Anyone have tips on venturing out of the gated living room?

Discussion in 'The Toddler Years(1-3)' started by twointheoven, Aug 30, 2010.

  1. twointheoven

    twointheoven Well-Known Member

    We moved about 4 months ago, right when the boys where starting to walk. I was also dealing with a difficult pregnancy. I kept having pre-term contractions, so the doctors wanted me to take it easy. This meant trying not to chase the kids around, and not picking them up more than absolutely necessary. DH and I decided to gate off the entire living room, and baby proof it. We stayed in the LR during all awake time. I had the baby, and she is now a month old. I am feeling really guilty and embarassed because my kids don't know how to act outside of my living room. We didn't really go anywhere while I was pregnant, because it was hard for DH to chase them around by himself, and I wasn't supposed to. Now, I want to get them used to venturing around the rest of our house, and being other places. It is hillarious when I open the gate and let them walk free in the house. They run and want to get into everything. With the new baby, I haven't had the time to let them run free, but I want to get there. We also took them to DH's brothers last weekend for a BBQ. We chased them around the backyard, but after about 45 minutes, we ended up putting them in the stroller. Not only was it exhausting, but there was so much dangerous stuff around, and anytime someone took them, they didn't understand how much they needed to be watched. DH's dad let one of them almost fall of a 2 foot cement step.
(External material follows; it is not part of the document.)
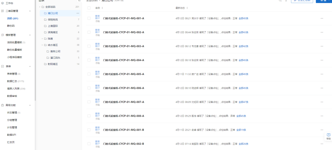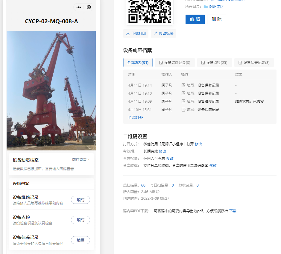 現(xiàn)場維護保養(yǎng)人員通過掃描港口設(shè)備上的二維碼,即可將設(shè)備維修、點檢和保養(yǎng)記錄錄入設(shè)備二維碼中,后臺數(shù)據(jù)實時更新,管理人員可隨時隨地查看全集團港口設(shè)備的運行情況,實現(xiàn)集團集中掌握全部港口設(shè)備的運行狀態(tài),提升了設(shè)備管理效率,對出現(xiàn)的問題能夠及時解決。同時,利用大數(shù)據(jù)匯總分析設(shè)備的整體狀態(tài),可以對設(shè)備后期的采購、維護保養(yǎng)提供一定建議。

    Now that the baby is a month old, I am getting my energy back, and physically able to chase them. Anyone have any tips on how to do this with the least stress. Should I start at home? And is it better to baby proof the rest of the house, or leave things (as long as they aren't dangerous) so they get used to learning they can't get into everything. For example, I have a shelf with DVD's in the dining room. Do I move them, so they won't pull them all down, and I have to pick them up. Or is it better to leave it so I can gradually teach them they can't mess with everything. I ask this because I know when I go to other peoples houses they will need to learn some self restraint.
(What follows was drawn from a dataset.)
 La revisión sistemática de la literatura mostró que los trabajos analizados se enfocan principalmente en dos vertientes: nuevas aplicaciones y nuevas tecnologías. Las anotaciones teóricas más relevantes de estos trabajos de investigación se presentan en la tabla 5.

    These are my first kids, and I don't know alot about this stuff. I have friends with kids, but they can't relate or give me good advice on this, because they don't have twins. I was hoping you wonderful moms might have some thoughts!

    Thanks!
     
  2. vharrison1969

    vharrison1969 Well-Known Member

    First off, congratulations on the new baby! :yahoo: Kudos to you for making it through a difficult pregnancy with twin toddlers; I can't imagine how rough that must have been!
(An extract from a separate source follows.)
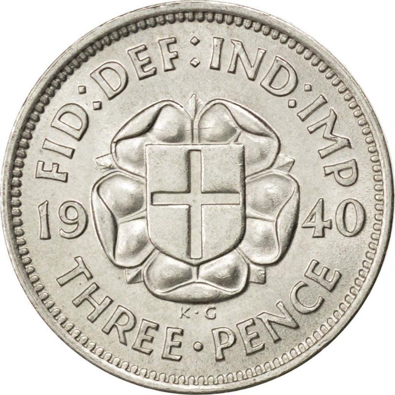 3 пенса 1940 года HP "Тип 1937-1945" (Великобритания, Георг VI)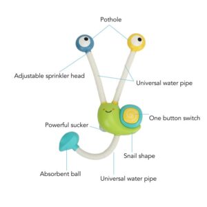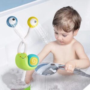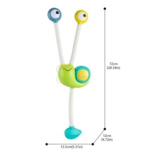 Fun snail-shaped baby bath toy with double sprinkler, 360° rotation, and waterproof pump. Safe, engaging bath time toy for toddlers 18 months+.

    Secondly, I think that when my guys were under 18 months was the worst time for them getting into stuff. So I don't think that it's just the fact that your boys are savoring their freedom that makes them run hog wild; we got rid of the baby pen when the boys were about 10 months old and they still went crazy when they were started to walk confidently. I have a hysterical video of Jack tearing apart my shelf of cookbooks and recipes. :lol:

    I kind of used the 90% rule when baby-proofing the downstairs; I safeguarded about 90% of the house (everything dangerous and easily broken, especially) and used the other 10% as "teachable moments". So we put the Super Yard in front of the hearth/TV, locked all cabinets and drawers, strapped heavy furniture to the walls etc. But I left the shelf of cookbooks open, didn't lock the garbage can, didn't remove the coffee tables, etc. and tried to teach them what kind of touching is permitted. Sure they went through a phase of getting into *everything* they weren't supposed to, but after a while that lost its luster and they normally leave these things alone now. There were a few months when I did *not* want to take them to other peoples' houses (I was running after them like crazy), but that was definitely the worst before 18-20 months. Now I'm pretty confident that they won't destroy everything they touch or kill themselves! ;)

    Hope this helps! :)
     
  3. Danibell

    Danibell Well-Known Member TS Moderator

    We just recently opened up the rest of our hours to the twin-adoes! Since they were about 6 months old we had the dining/kitchen area completely gated off from our living room. About a month ago we got the brilliant idea to open the house back up (minus the bathrooms and our room and the big kids room.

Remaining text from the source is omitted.